= Kate Saville =

English actress

Kate Saville (1835/1836 – 7 May 1922) was an English actress. She played leading roles in original productions of many plays in the 1860s.

==Life==
Kate Saville was a daughter of John Faucit Saville, an actor and playwright, and sister of the actress Helena Faucit. She first appeared on the London stage in September 1859, in Ivy Hall, adapted by John Oxenford from Le Roman d'un jeune homme pauvre by Octave Feuillet.

In January 1860 she appeared in original productions staged by Madame Céleste, manager of the Lyceum Theatre in London: as Lucie Manette in A Tale of Two Cities, and later as Milaine de St Ange in The House on the Bridge of Notre Dame.
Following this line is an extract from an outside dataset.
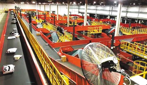 上圖 順豐速運(yùn)采用雙層自動(dòng)分揀系統(tǒng),大大提高電子單識(shí)別效率。

She was engaged for the next two years at the Olympic Theatre in London. Here she created roles in new plays: as Martha Gibbs in Tom Taylor's All that Glitters is not Gold, as Lady Camilla Hailstone in Watts Phillips's Camilla's Husband, and as May Edwards in Tom Taylor's The Ticket-of-Leave Man. At the Royal Strand Theatre in October 1863 she played the leading role in the original production of Miriam's Crime by H. T. Craven.

In February 1864 at the Princess's Theatre she was Beatrice in the original performance of Paul's Return by Watts Phillips; in April 1866 she created the role of Hester Lorrington in The Favourite of Fortune by John Westland Marston, at the Haymarket Theatre.

In September 1866 at the Surrey Theatre she played the lead female role, Mrs Truegold, in True to the Core by A. R. Slous. This was the prize drama for that year in a competition established in the will of the actor Thomas Cooke and administered by the Royal Dramatic College.

In 1872 Kate Saville married William Roby Thorpe, and retired from the stage. She died in 1922 at her home in Nottingham, aged 86.